Corticospinal tract involvement occurs with the initial attack of MS in 32% to 41% of patients (36-39), but it is present to a significant degree in 62% (37,39) of patients with chronic disease. Symptoms may also include "heaviness," ''stiffness,'' or even, pain in an extremity. The legs are much more frequently involved than the arms; when both are involved, symptoms in the legs usually appear earlier. Involvement often begins with one leg, but in most patients, both are eventually affected, although the severity may be quite asymmetric. Signs of corticospinal tract pathology may be as minimal as abnormal reflex activity, but the disease frequently progresses to severe spastic paraparesis. Hyperactivity of the deep tendon reflexes, often including crossed tibioadductor and puboadductor reflexes, is seen in most patients. Clonus, which may be sustained and severe, is often present. This is most common at the ankle, but it may be found at other sites as well. The Babinski reflex is frequently present, at times as the only manifestation of corticospinal tract dysfunction.
Spasticity is very commonly seen in the legs, but may also occur in the arms. At times this abnormality actually helps a paretic patient walk (40,41), but in other patients it may produce discomfort or pain, cause flexor or extensor spasm (42,43), or interfere with personal hygiene (adductor spasticity). In addition, spasticity may result in disturbed sleep or interference with sitting. If inadequately addressed and treated, it may ultimately result in irreversible joint contractures. Patients themselves complain of stiffness, cramps, spasm, or pain. In the upper extremity, weakness often predominates in the distal musculature. At times, this is accompanied by extensive atrophy, presumably reflecting demyelination in the root entry zones of the spinal cord (36).

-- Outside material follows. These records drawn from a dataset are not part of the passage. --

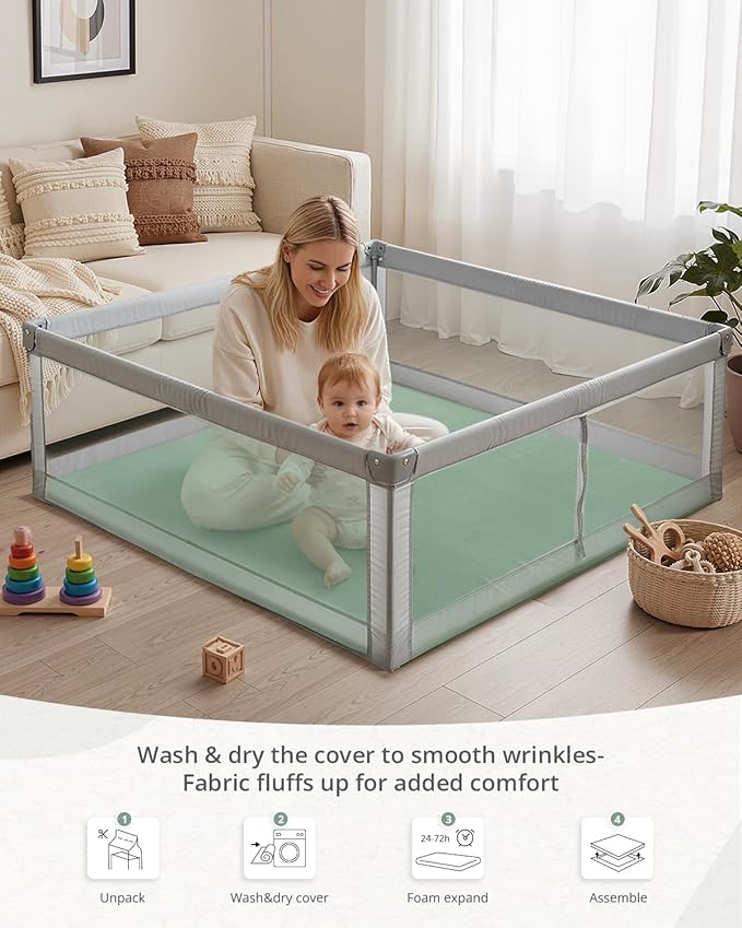 - Removable & Washable Slip-On Cover – Unlike one-piece foam mats that can’t be washed, our slip-on cover design can be easily removed for machine washing. This allows parents to deep clean, ensuring a safer and cleaner play space for babies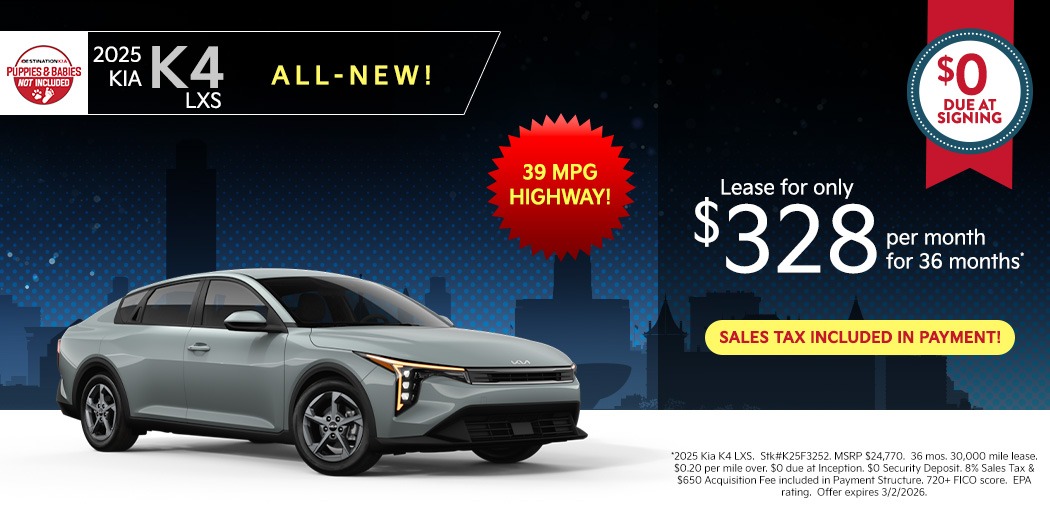 *2025 Kia K4 LXS. Stk#K25F3252. MSRP $24,770. 36 mos. 30,000 mile lease. $0.20 per mile over. $0 due at Inception. $0 Security Deposit. 8% Sales Tax & $650 Acquisition Fee included in Payment Structure. 720+ FICO score. EPA rating. Offer expires 3/2/2026.
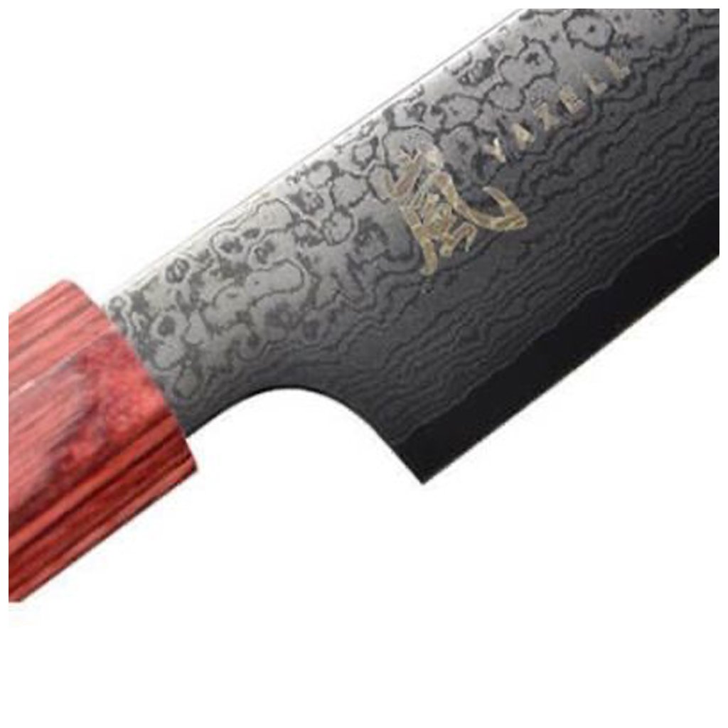 Profesionální japonský kuchařský nůž YAXELL REI Santoku, s délkou čepele 165 mm, je univerzálním tvarem kuchařského nože v domácnosti i v profesionální kuchyni. Čepel nože je vyrobena ze 69 vrstev damascénské oceli. Její jádro VG10 má povrchovou úpravu DLC (Diamond-Like Carbon), která zvyšuje tvrdost extrémních 70 HRC, chrání nůž před poškrábáním i korozí a dává čepeli nádhernou těmně černou barvu. Je vyroben v Japonsku.

Corticospinal tract involvement most often results from demyelination within the spinal cord, although other sites, including the medullary pyramids, basis pontis, cerebral peduncles, and deep hemispheric white matter, may also be involved (44). A hemiparetic pattern of motor weakness may be seen, but is uncommon. Indeed, on occasion MS may present with the acute onset of hemiparesis including the face (45) and may clinically look like lacunar infarction. Despite an initial appearance suggesting a vascular etiology, MRI may lead to the diagnosis of MS, with lesions most often evident in the posterior limb of the internal capsule. Subtle abnormalities of bimanual coordination have recently been reported in MS, presumably from involvement of the corpus callosum (46).